The SMs have worked adequately so far but future metamodels are likely to increase in complexity. This is either due to an increase in the complexity of UWNs or an increase in the number of input (more design choices/explanatory variables) or output (more objectives) dimensions. Both drivers increase the size of the metamodels and consequently the number of training examples. Since the original models are already expensive to run, creating a large training dataset might be unfeasible in the first place. The metamodeling time would become the obstacle. This time is usually disregarded since some authors consider it not relevant compared to the posterior computational gain in the application. Nevertheless, this time is important in high dimensional search spaces, as noted by Razavi et al. (2012b), since the number of design samples required to train the metamodel could be already prohibitively large.
4.3.2 Black box nature - Deterministic and obscure outputs
Two of the most recurrent criticisms of ML models are their lack of uncertainty estimation and the lack of their transparency, i.e. little or no ability to explain the results they obtain. Both are overlooked aspects of metamodeling in the context of UWNs. The MLSMs return a unique answer without uncertainty bands or possibilities to explain the combination of inputs that drove to the final outputs. For SMs, these issues are not major concerns; nevertheless, their inclusion aids the applications in which the SMs are used.
Regarding uncertainty estimation, a few papers (Raei et al., 2019; Rosin et al., 2021; She & You, 2019; W. Zhang et al., 2019) estimated the effect of including a metamodel in their respective application. Not accounting for this uncertainty can lead to bad approximations of the actual response surface and suboptimal or unfeasible solutions. Authors have dealt with this difficulty by performing sensitivity analysis (e.g., Raei et al., 2019) or training multiple models in parallel with slightly different datasets and averaging the outputs of the models. For example, Rosin et al. (2021) developed a committee of ANNs with this approach. However, this analysis requires extra considerations which may increase the metamodeling time. Some guidelines have been given for the pre-treatment (Broad et al., 2015) and post-treatment (Broad et al., 2005a) of these SMs but there is still a lack of focus on improving the management of uncertainty during treatment, i.e., developing a model that directly considers uncertainty. Algorithms in the branch of robust ML may contribute to aid in the direct incorporation of metamodel uncertainty quantification whether it comes from the data (Wong & Kolter, 2019) or the model (Loquercio et al., 2020) .
Although robust learning allows estimating the uncertainty of a result, it cannot explain why. This is the area of explainable ML. For water networks’ SMs, being able to explain the results would help to understand the relationship between the decision variables and the objective function for the particular network that is being surrogated. For example, understanding which pipes (or a combination of them) play a key role in the resilience or flooding in a water network. There is a growing interest in the AI community towards explainable models to gain insights (Bhatt et al., 2020), ensure scientific value (Roscher et al., 2020), and develop trust in the outcomes of ML models (Dosilovic et al., 2018).

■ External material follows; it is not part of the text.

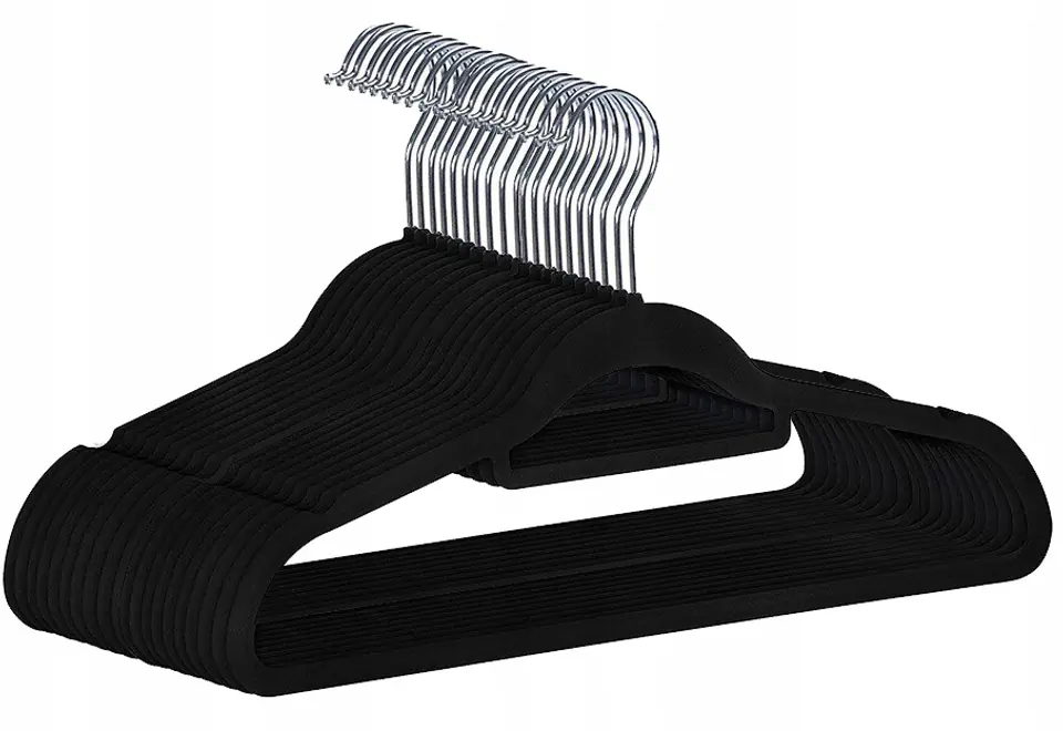 Wieszak welurowy Maxi komplet 60 sztuk czarnyKolor: czarny Praktyczne wieszaki z miękkim weluremPolecamy welurowe wieszaki ubraniowe doskonałe do szafy, garderoby. Pomogą wyeksponować odzież a także zapobiegną jej gnieceniu.Wieszaki są wykonane z plastiku i w całości pokryte przyjemnym w dotyku welurem, dzięki czemu ubrania nie zsuwają się.Mocny, metalowy haczyk umożliwia łatwe i wygodne zawieszanie wieszaka i utrzyma cały strój. Specyfikacja:Kolor: czarnyMateriał: tworzywo sztuczne, welur, stalObrotowy haczyk 360°: takMax. obciążenie: 5 kgWymiary:Szerokość: 44,5 cmGłębokość: 0,5 cmWysokość: 24,5 cmWymiary haka: 8 x 5,4 cm Oszczędność miejsca w Twojej szafieWieszaki welurowe dzięki swojej konstrukcji zaoszczędzą sporo miejsca w Twojej garderobie czy szafie. Są cienkie i bardzo wytrzymałe. Dzięki nim zorganizujesz więcej miejsca na odzież.Praktyczne i wytrzymałeWieszaki welurowe są bardzo wytrzymałe a przy tym cienkie. Ciężko je złamać. Mają wyprofilowany kształt, dzięki czemu ubrania się nie odkształcają. Pokrycie welurem gwarantuje niezsuwanie się ubrań i niepowstawanie zagnieceń. W pełni obrotowe chromowane haczyki zwiększają komfort użytkowania. Uchwyt na podwieszanie krawata / paska Wcięcia na podwieszenie topuUWAGA | Przedstawione kolory należy traktować poglądowo - mogą odbiegać od rzeczywistych ze względu na różne ustawienia monitorów oraz proces obróbki zdjęć. Rzeczywiste wymiary mogą się różnić od podanych w opisie. Tolerancja błędów może wynosić +/- 5 %

4.3.3. Rigid architecture - Specific case use
One disadvantage of MLSMs is the high degree of specialization in the trained metamodel. As seen before, these metamodels achieve high accuracies in the data for which they were trained. However, once they are trained, they become specific and rigid. Their structure limits its use for other tasks in the same system or similar applications in other water networks. The metamodel can be run several times on the same water network but doing the same operation in a different system requires a new metamodel, which should be trained from scratch. This is not desirable since the training process could consume most of the computational budget, especially in large case studies.

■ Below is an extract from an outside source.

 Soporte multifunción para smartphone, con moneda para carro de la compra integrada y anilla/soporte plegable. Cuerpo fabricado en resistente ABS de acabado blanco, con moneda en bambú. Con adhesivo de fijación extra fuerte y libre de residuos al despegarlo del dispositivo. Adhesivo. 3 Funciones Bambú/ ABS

One solution is to leverage the training process of other models with transfer learning to decrease the number of examples to train a new model. Situations for which transfer learning is desirable are changes in the water network composition, similar system metamodeling, and change in the behaviour of the surrogated system. Changing components of the system accounts for scenarios when components (e.g., pipes, pumps, or tanks) are added to or removed from the system. Even though the system changes, it is still related enough to leverage a pre-trained model on that water network. In a similar way, two networks can share enough resemblance (e.g., a subsystem of another network, two skeletonized networks, or two networks with similar topology or geography) that it makes sense to use an SM from one as a pre-trained SM for the other. Lastly, when the system changes and the metamodel no longer applies is a challenge, also known as concept drift, that can be addressed using transfer learning. Here the two related water networks are the same but in two different periods.
4.4. Gaps in Knowledge
Based on the above critical analyses of metamodels and the issues identified the following key gaps in knowledge are summarised here:
1. Lack of depth on optimisation of complex objectives and uncertainty analysis for water networks using MLSMs. There are still additional and more complex objectives that can be optimised with the aid of MLSMs, for instance, robustness and interventions under deep uncertainty.

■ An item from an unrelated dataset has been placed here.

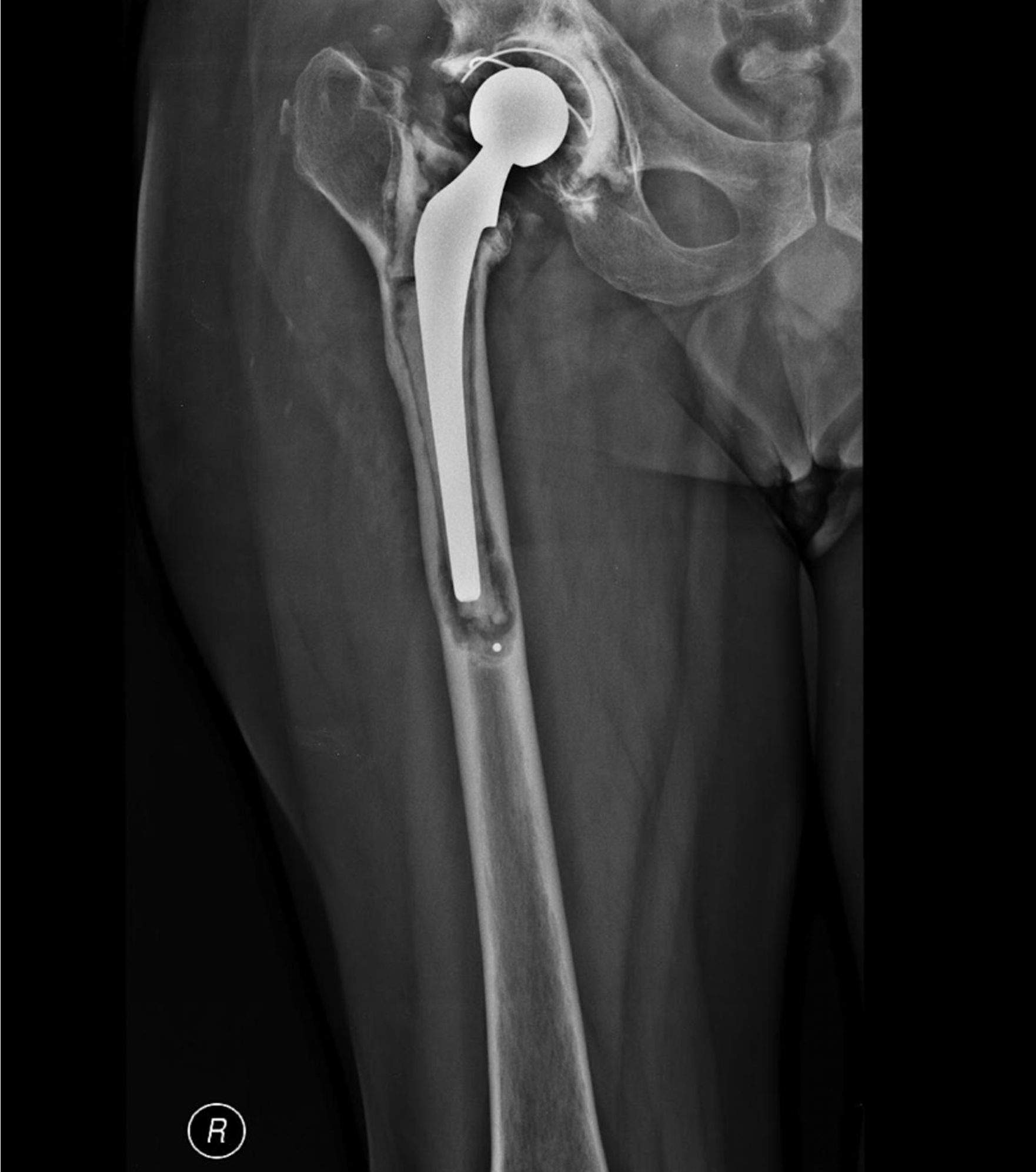 Radiograph showing aseptic loosening of the femoral component of a total hip replacement

2. Lack of benchmark water networks, especially for UDSs and complex cases. First, this hinders the development and comparison of algorithms across studies, and second, these metamodels still lack research on the changes of the response surface with the increase in the complexity of the water system, especially for large systems
3. Current MLSMs’ limitations prevent advanced metamodeling applications. MLSMs can easily grow in size when the complexity of the response surface increases, most of the applications do not consider the uncertainty added by the metamodel, and its structure makes it rigid and not (re)usable for other cases.
5 Research directions
Based on the identified gaps, three main lines for future research are suggested. They consider the current and future needs in applications on UWNs as well as the potential of MLSMs to meet them.
5.1 Advanced applications
The current needs for adaptable water infrastructure are based on drivers such as growing demographics, urbanization, and climate change. As indicated in the UN-Water report “Water and Climate Change”, taking adaptation and mitigation measures benefits water resources management and improves the provision of water supply and sanitation services. In addition, it contributes to combat both causes and impacts of climate change while contributing to meeting several of the Sustainable Development Goals (UNESCO, 2020). In UWNs, multi-objective optimisation and uncertainty analysis play a key role in the search for adaptation measures and decision making, and MLSMs can help improve and accelerate their implementation.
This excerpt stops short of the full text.